Contradictory results for KIRC and THCA in correlations between FCER1G and immune cells infiltration
The results above revealed that FCER1G can play a prognostic role in multiple kinds of tumors. Since the tumor immune microenvironment could also have an important impact on the survival prognosis of tumor patients, we then used the TIMER database to explore the correlation of FCER1G expression with tumor purity and the degree of infiltration of CD8+T cells, CD4+ T cells, B cells, dendritic cells (DCs), neutrophils, and macrophages in the above ten types of tumors. The results showed that FCER1G expression in 9 of these 10 types of tumors,except THCA, was significantly correlated with tumor purity. Additionally, there was a significant correlation between FCER1G expression and the degree of infiltration of CD8+T cells, CD4+ T cells, B cells, DCs, neutrophils, and macrophages in CESC, UCEC, LIHC, and KIRC. Based on the survival analysis results, we selected KIRC as the representative tumor with poor prognosis and THCA as the tumor with favorable prognosis. The results showed that high expression of FCER1G in KIRC was significantly positively correlated with the degree of infiltration of CD8+T cells (R=0.266, P=6.95E-09), CD4+ T cells (R=0.119, P=2.68E-02), B cells (R=0.355, P=4.01E-15), DCs (R=0.721, P=3.20E-75), neutrophils (R=0.684, P=8.65E-65), and macrophages (R=0.267, P=6.14E-09) (Figure 6A). However, for THCA, high FCER1G expression was negatively correlated with the degree of infiltration of CD8+T cells (R=-0.496, P=1.05E-31), CD4+ T cells (R=-0.304, P=6.45E-12), and B cells (R=-0.333, P=3.85E-14), while there was no significant correlation with DCs (R=-0.164, P=7.97E-02), neutrophils (R=0.138, P=0.141), and macrophages (R=-0.023, P=0.609) (Figure 6B). In addition, we found a significant negative correlation between FCER1G expression and tumor purity in KIRC (R=-0.324, P=9.26E-13) but no significant correlation in THCA (R=0.128, P=0.169) (Figure 6). The results further suggested that FCER1G expression could influence patient survival prognosis by affecting immune cells infiltration levels.
Correlations between FCER1G expression and immune molecules
We used the TIMER database examining immune molecules to further investigate the correlations between FCER1G expression and immune cells infiltration.
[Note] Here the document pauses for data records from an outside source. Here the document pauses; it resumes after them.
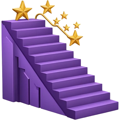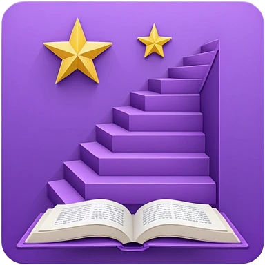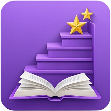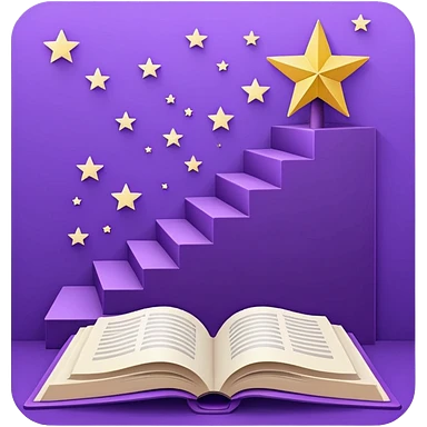 Minimal purple icon: an open book turning into a rising staircase with a star on top. Flat design. emoji
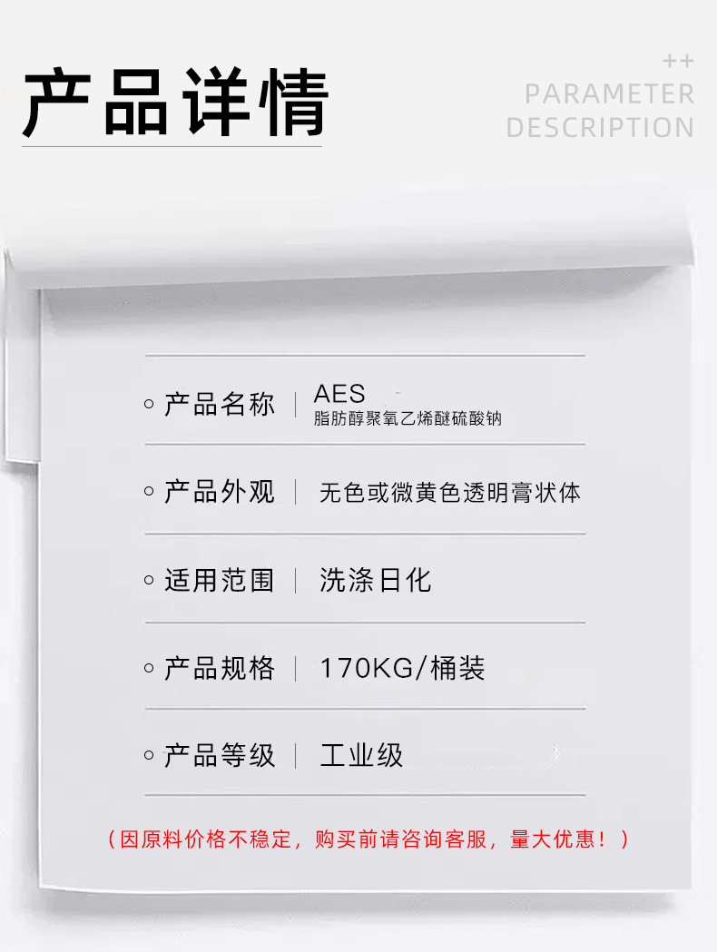 aes洗涤原料去污乳化发泡用增稠剂脂肪醇聚氧乙烯醚表面活性剂aesaes洗涤原料去污乳化发泡用增稠剂脂肪醇聚氧乙烯醚表面活性剂aes
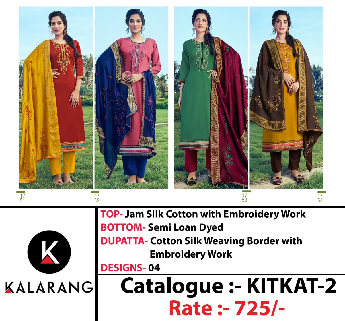 | DETAILS | Top:- Jam Silk Cotton With Embroidery Work |
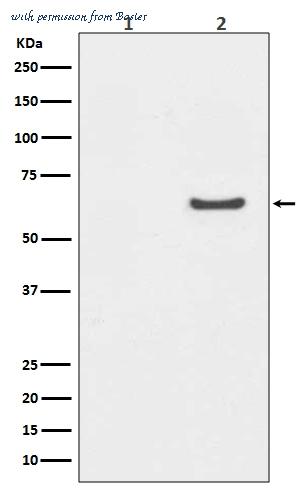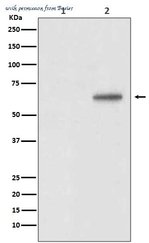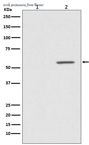 Western blot analysis of Phospho-AKT1 (S129) expression in (1) MCF-7 cell lysate treated with Alkaline Phosphatase; (2) MCF-7 cell lysate (P00024-3). Electrophoresis was performed on a 5-20% SDS-PAGE gel at 70V (Stacking gel) / 90V (Resolving gel) for 2-3 hours. The sample well of each lane was loaded with 50ug of sample under reducing conditions. After Electrophoresis, proteins were transferred to a Nitrocellulose membrane at 150mA for 50-90 minutes. Blocked the membrane with 5% Non-fat Milk/ TBS for 1.5 hour at RT. The membrane was incubated with rabbit anti-AKT1 monoclonal antibody (Catalog # P00024-3) overnight at 4 , then washed with TBS-0.1%Tween 3 times with 5 minutes each and probed with a goat anti-rabbit IgG-HRP secondary antibody at a dilution of 1:10000 for 1.5 hour at RT. The signal is developed using an Enhanced Chemiluminescent detection (ECL) kit (Catalog # EK1002) with Tanon 5200 system. A specific band was detected for AKT1

The results showed that FCER1G expression was significantly correlated with 45 out of 49 immune molecules in KIRC and 30 out of 49 immune molecules in THCA after tumor purity adjustments. FCER1G expression differently correlated with B cells, CD8+ T cells, Tfh, Th1and Th9 infiltration in KIRC and THCA. In addition, FCER1G expression was significantly associated with immunological checkpoint molecule expression including PD-1 (PDCD1), CTLA4, PD-L1 (CD274), LAG3, TIM3 (HAVCR2), and TIGIT both in KIRC and THCA (Table 1).
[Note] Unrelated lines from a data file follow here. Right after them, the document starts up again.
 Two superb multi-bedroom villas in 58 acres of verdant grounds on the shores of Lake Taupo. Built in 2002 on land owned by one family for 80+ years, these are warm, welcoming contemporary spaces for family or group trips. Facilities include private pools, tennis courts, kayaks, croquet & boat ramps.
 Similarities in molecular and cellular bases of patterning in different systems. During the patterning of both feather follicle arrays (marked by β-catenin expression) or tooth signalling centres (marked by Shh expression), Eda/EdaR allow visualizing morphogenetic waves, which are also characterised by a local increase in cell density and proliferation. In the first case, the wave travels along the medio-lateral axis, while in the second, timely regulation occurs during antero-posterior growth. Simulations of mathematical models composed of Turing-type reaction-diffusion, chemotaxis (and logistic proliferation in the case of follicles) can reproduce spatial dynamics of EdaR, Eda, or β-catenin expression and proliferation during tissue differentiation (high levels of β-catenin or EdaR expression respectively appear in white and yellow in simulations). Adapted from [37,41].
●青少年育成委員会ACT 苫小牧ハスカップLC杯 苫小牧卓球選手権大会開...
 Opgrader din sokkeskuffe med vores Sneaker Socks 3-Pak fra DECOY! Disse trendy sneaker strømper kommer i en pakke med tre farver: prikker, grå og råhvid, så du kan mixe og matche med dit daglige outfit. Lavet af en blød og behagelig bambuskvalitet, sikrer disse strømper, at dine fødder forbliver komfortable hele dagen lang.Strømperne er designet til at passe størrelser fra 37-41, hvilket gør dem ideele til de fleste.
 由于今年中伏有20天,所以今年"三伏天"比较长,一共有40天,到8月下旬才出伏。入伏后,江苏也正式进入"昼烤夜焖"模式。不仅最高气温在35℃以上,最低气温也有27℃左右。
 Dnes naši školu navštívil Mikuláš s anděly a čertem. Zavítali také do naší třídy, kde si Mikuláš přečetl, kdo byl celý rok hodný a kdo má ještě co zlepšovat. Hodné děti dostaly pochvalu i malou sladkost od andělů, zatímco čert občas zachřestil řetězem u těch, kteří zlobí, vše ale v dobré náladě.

We further examined the immunological checkpoint molecules in various kinds of tumors to assess the predictive effect of FCER1G expression on the efficacy of tumor immunotherapy. A significant strong positive correlation (partial correlation>0.5) or a median correlation (partial correlation>0.3) was found between FCER1G with PD‐1 (PDCD1), PD‐L1 (CD274), CTLA4, LAG3, TIM3 (HAVCR2), and TIGIT molecules in BRCA, CESC, ESCA, HNSC, PAAD, THCA, and UCEC (Figure 7A-D, F-H). In KIRC, there was a strong positive correlation with PD‐1, CTLA4, LAG3, and TIGIT, while a certain correlation with PD‐L1 and TIM3 (Figure 7E).